En el caso argentino, deberá definirse en primer lugar el astillero constructor de los patrulleros, además del modelo a construirse. A nuestro juicio debería formarse una joint venture formada por los astilleros TANDANOR, Río Santiago y el astillero al cual pertenezca el modelo de buque seleccionado, así como entidades financieras nacionales, que por medio del sistema de leasing, arrendaría los buques a la ARA. La sociedad propuesta sería responsable de garantizar la disponibilidad de los buques por una determinada cantidad de días, así como del apoyo logístico. La ARA solo tendría la responsabilidad de tripular los buques.

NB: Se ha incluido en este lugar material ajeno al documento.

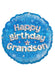 Blue Happy Birthday Grandson holographic standard round foil balloon measuring 18" (45.7 cm) when inflated. Made in UK.

Los beneficios son múltiples, especialmente en materia de costos, que permitiría con una inversión moderada obtener modernos buques, generar trabajo en astilleros nacionales y canalizar el ahorro nacional en proyectos productivos que potencian el perfil exportador del país y fortalecer la presencia propia en el Mar Argentino.

Final

La llamada “Ley del Mar” como es conocida la Convención de las Naciones Unidas sobre el Derecho del Mar (CONVEMAR), significó para la Argentina el reconocimiento de los derechos de soberanía sobre los recursos vivos y no vivos existentes en más de 2 millones de km2 de espacios marítimos. La riqueza de estos espacios son objeto del interés de actores extrarregionales, reflejado en la presencia de millares de barcos pesqueros que operan legalmente y también ilegalmente en nuestra ZEE, así como en la zona controlada ilegalmente por el Reino Unido desde su base en Malvinas.

La defensa del extenso teatro de operaciones marítimo, recae en nuestra Armada, que por los graves problemas de presupuesto, mantiene una presencia cada vez más limitada. Las responsabilidades de presencia en el mar, así como de seguridad y búsqueda y rescate, recaen en medios envejecidos que tienen más de cincuenta años sobre sus cuadernas. Esta realidad impone el reemplazo urgente de dichos medios, corriéndose el riesgo que la Armada en poco tiempo carezca de medios adecuados para realizar tareas de búsqueda y rescate, patrulla marítima.

La puesta en marcha del llamado “Patrullero Oceánico Multipropósito” permitirá a la Armada contar con un medio moderno, reemplazo de los veteranos avisos y tener la capacidad de ejecutar una serie de tareas que van desde la seguridad en el mar hasta tareas de búsqueda y rescate. Por otro lado estos buques podrán ser de suma utilidad para adiestrar personal de las escuelas de la Armada y formar reservistas. Los buques a un costo razonable permitirán que el Estado argentino tenga una presencia permanente en áreas, especialmente en aguas circundantes a Malvinas, especialmente por sus características. Políticamente no es lo mismo la presencia de una fragata, que de un patrullero en determinadas zonas.

Los POM requiere a nuestro juicio de una serie de capacidades, dado que las capacidades previstas, según medios especializados, son más que limitadas desde el punto de vista de la defensa nacional. Los futuros POM deberían ser una plataforma modular, siguiendo el modelo español de los BAM, que permita el desarrollo de diversas variantes.

Los costos del programa POM en el marco de estrechez presupuestaria, demandan buscar soluciones alternativas. La experiencia internacional indica que el leasing es un camino a seguir. Esto permitiría adquirir dichos patrulleros a un costo razonable, incluso podría explorarse un nuevo concepto de sostén logístico, siguiendo el ejemplo británico. La ARA solo tendría que ocuparse de navegar y tripular los buques. La responsabilidad de mantener los buques operativos recaería en el astillero constructor.

La puesta en marcha del programa POM no depende de cuestiones financieras, que como hemos visto esto tiene solución, ni técnicas dada la pericia y capacidad de los astilleros nacionales, sino depende de la decisión política. El actual estado de cosas, dejará nuestros mares sin presencia del Estado con sus consecuencias, dejando a merced de flotas extranjeras la explotación de nuestros recursos.